She still naps several times a day, but as I said in an earlier post, they can range anywhere from 10 minutes to 2 hours. It seems that her second nap of the day is usually her longest. After that her naps will be 30 minutes to an hour. In between, she's awake for an hour and a half at a time. She has just recently started staying awake longer though, closer to 2 hours during the day and doing a 3-4 hour stretch of being awake before she goes to bed for the night. It's still not a set schedule but it's getting close!
She hasn't started consistently sleeping through the night, but it is definitely much better than it was before. Her longest stretch was a whopping 9 hours! I couldn't believe it. A 5-6 hour stretch is normal for her though. I, however, still wake up several times a night. I was never a sound sleeper to begin with, but now I wake up to check on her even if she's not the one waking me up. At least now I feel like a fully functioning adult during the day and I don't feel the urge to nap with her anymore. (Or if I do feel the urge, it's just because I want to cuddle with her and not because I'm sleepy!)
But, I have a confession to make. Cora still sleeps with us. And when I say with us, I really mean with us! Not only does she sleep in our room, but she sleeps in our bed. She actually slept in her own pack and play for the first few weeks of her life. Then during her nighttime feedings she would wake up and fuss and cry the instant I put her in her pack and play. There were nights when I slept on our over-sized chair in our bedroom because she would only stay asleep in my arms. That got to be too uncomfortable for me though, so I ended up trying to sleep with her on my chest back on the bed. I did love that since it made me feel closer to her, but I woke up a lot because I would be afraid to move at all. Finally we decided to buy an in-bed co-sleeper that we could put between us. I remember that was at 5 weeks! We only have a queen sized bed so it was a little cramped for us, but it worked. Cora slept well and Adam and I were able to sleep well too knowing that we weren't going to crush the baby.
Cora at 6 weeks spilling out of her co-sleeper.
Of course Cora ended up growing too long for the co-sleeper if she extended her legs fully. We continued using it anyway though because she normally sleeps with her feet tucked up. Then just last week it was like experiencing the pack and play all over again. After her nighttime feeding I would put her down in the co-sleeper and she would immediately wake up. Adam and I realized she had definitely outgrown the co-sleeper and was probably uncomfortable. So now, she sleeps on the bed in between us! We're not afraid of crushing her anymore since she's much heartier now than she was at 5 weeks, but I still wake up a lot to make sure she's not under the blanket. Now that she's really sleeping in the bed with us I can appreciate this image:
I actually experienced The Roundhouse Kick just last Thursday! Really, we sleep more like The Dog House, but Adam is actually in the bed and not on the couch!

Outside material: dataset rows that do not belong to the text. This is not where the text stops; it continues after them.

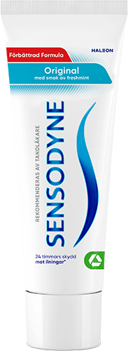 Sensodyne Original hammastahnan sisältämä fluori vahvistaa hampaita ja suojaa reikiintymistä vastaan. Raikas mintun maku. Ei sisällä natriumlauryylisulfaattia. RDA 55. 1450 ppm fluoria.
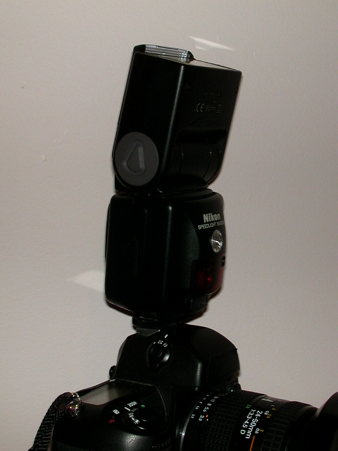 - Bounce flash - direct on-camera flash has a 'look' that's pretty unnatural, kinda like shining a flashlight in somebody's face. Also, it can produce red-eye. Bounce flash allows you to tilt the flash head up to bounce it off of a white (or light neutral color) ceiling. When the flash returns from the ceiling to light your subject, the 'character' of the light has changed in two important ways: one, it comes from above, which is the way we have come to expect lighting to 'naturally' appear; and two, it is much softer in appearance. It's 'softer' because the light source is now 'larger'. Instead of the light coming from the 4 square inches of the flash head, it now comes from the 10 square feet of the illuminated portion of the ceiling. This is like the difference between harsh sunlight and the soft light of an overcast day. Here's an example of bounce flash:
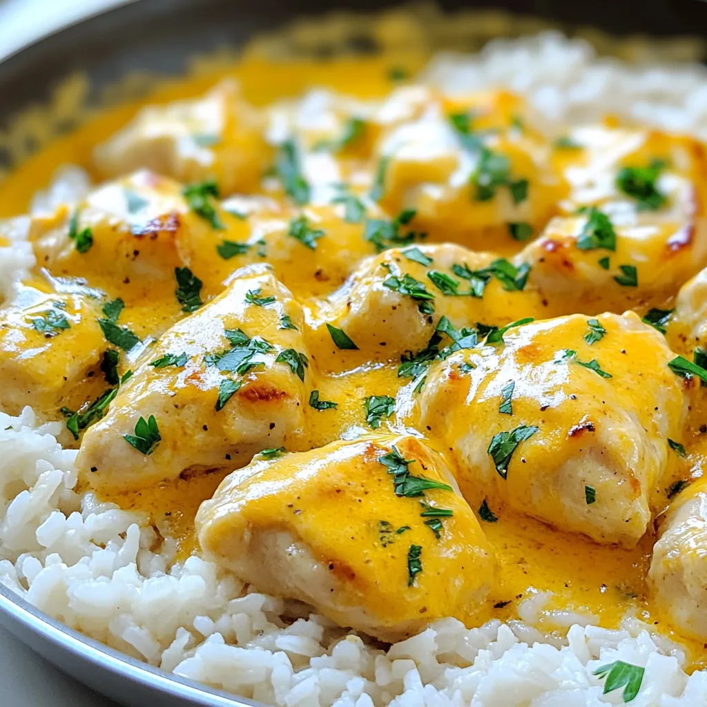 Once the chicken is cooked, lower the heat to medium-low. Pour in 1 cup of heavy cream while stirring gently. This will help create a rich sauce. Let the cream simmer for about 3 to 4 minutes. Stir occasionally until the sauce thickens slightly. Now, gradually add 1/2 cup of shredded cheddar cheese, mixing until it melts completely. This will give your dish a creamy texture. Taste the sauce and adjust the seasoning if needed. Finally, serve the butter chicken over 2 cups of cooked rice or quinoa. Garnish with chopped fresh parsley for that final touch.

As much as I love having Cora in the bed with us, it is getting to be time to put her in her crib! I know it's going to be an incredibly hard transition, more for me than for her. It's going to be a long transition too because she never sleeps in her crib at all, not even for naps. She does love being in her nursery though and enjoys being in her crib when she's awake, so I have hope. I don't want to do the cry it out method because I'm a big softie. I know it will break my heart to hear her wailing and wanting to just be back with us. I've already told Adam that I'll need his help because I don't think I can do it myself. We'll be starting the transition next month and I am both looking forward to it and feeling sad about it. It is hard for me to think of Cora all alone in her crib, but I have to remind myself that lots of babies sleep in their own rooms. A few of my friends have told me that their babies slept in their nurseries from day 1 and all was fine. At least I will have peace of mind knowing that her nursery is literally right next to our room and not upstairs or across the house.
It just feels like it's been a long time since Adam and I have been able to actually sleep next to each other! When I was pregnant Adam bought me a huge body pillow that took up most of the bed and kept us separated. Then after my c-section I was in too much pain to cuddle, and then quickly after that we had Cora's co-sleeper. Again, as much as I love having Cora with us and as much as I'm going to miss sleeping right next to her, I know I'm ready to be able to sleep next to Adam again. I know once Cora gets used to being in her nursery that she'll get better sleep too than she does in our bed. She is a light sleeper sometimes so she ends up waking a little bit anytime Adam and I move or make noise. I know Adam and I will get better sleep too knowing we don't have to worry at all about rolling over her, and I will be excited to get a little more space!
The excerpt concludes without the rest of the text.